▶ _YOUR ASSIGNMENT_:
Return the data exactly, with all pictures removed.

▶ _GIVEN MATERIAL_:
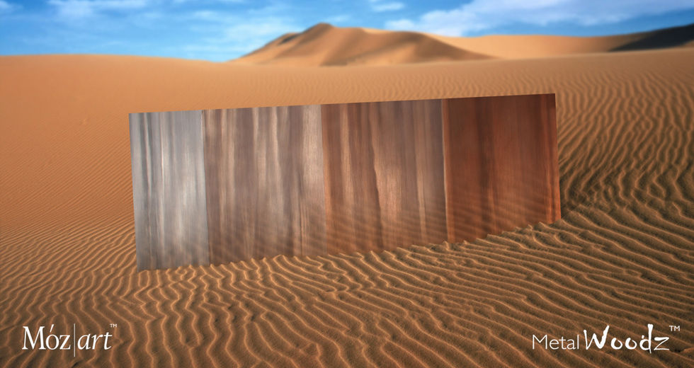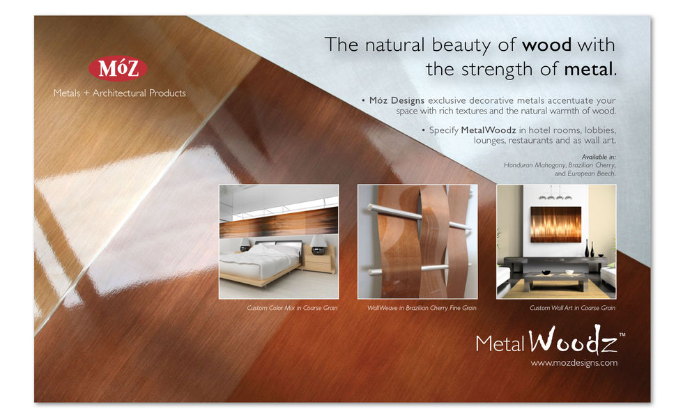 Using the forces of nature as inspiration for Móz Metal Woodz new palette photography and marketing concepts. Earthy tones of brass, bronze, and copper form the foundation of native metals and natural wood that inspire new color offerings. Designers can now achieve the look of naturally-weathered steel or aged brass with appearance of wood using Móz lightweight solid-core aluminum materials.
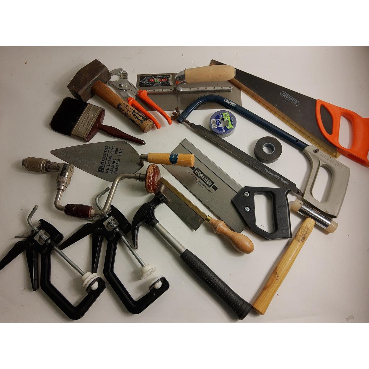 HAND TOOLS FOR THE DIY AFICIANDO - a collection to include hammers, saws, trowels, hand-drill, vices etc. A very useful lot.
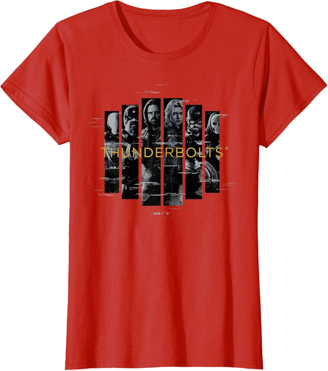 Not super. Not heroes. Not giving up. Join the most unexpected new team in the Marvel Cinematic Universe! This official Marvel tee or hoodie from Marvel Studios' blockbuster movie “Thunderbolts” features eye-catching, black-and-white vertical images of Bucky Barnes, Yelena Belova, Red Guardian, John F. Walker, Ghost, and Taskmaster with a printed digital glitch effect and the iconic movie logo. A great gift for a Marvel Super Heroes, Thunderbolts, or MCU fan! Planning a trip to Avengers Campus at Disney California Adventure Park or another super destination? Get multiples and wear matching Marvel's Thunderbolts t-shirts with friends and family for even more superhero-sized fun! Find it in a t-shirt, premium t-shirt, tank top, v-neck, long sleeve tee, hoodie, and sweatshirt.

▶ _SOLUTION TO THIS PROBLEM_:
 Using the forces of nature as inspiration for Móz Metal Woodz new palette photography and marketing concepts. Earthy tones of brass, bronze, and copper form the foundation of native metals and natural wood that inspire new color offerings. Designers can now achieve the look of naturally-weathered steel or aged brass with appearance of wood using Móz lightweight solid-core aluminum materials.
 HAND TOOLS FOR THE DIY AFICIANDO - a collection to include hammers, saws, trowels, hand-drill, vices etc. A very useful lot.
 Not super. Not heroes. Not giving up. Join the most unexpected new team in the Marvel Cinematic Universe! This official Marvel tee or hoodie from Marvel Studios' blockbuster movie “Thunderbolts” features eye-catching, black-and-white vertical images of Bucky Barnes, Yelena Belova, Red Guardian, John F. Walker, Ghost, and Taskmaster with a printed digital glitch effect and the iconic movie logo. A great gift for a Marvel Super Heroes, Thunderbolts, or MCU fan! Planning a trip to Avengers Campus at Disney California Adventure Park or another super destination? Get multiples and wear matching Marvel's Thunderbolts t-shirts with friends and family for even more superhero-sized fun! Find it in a t-shirt, premium t-shirt, tank top, v-neck, long sleeve tee, hoodie, and sweatshirt.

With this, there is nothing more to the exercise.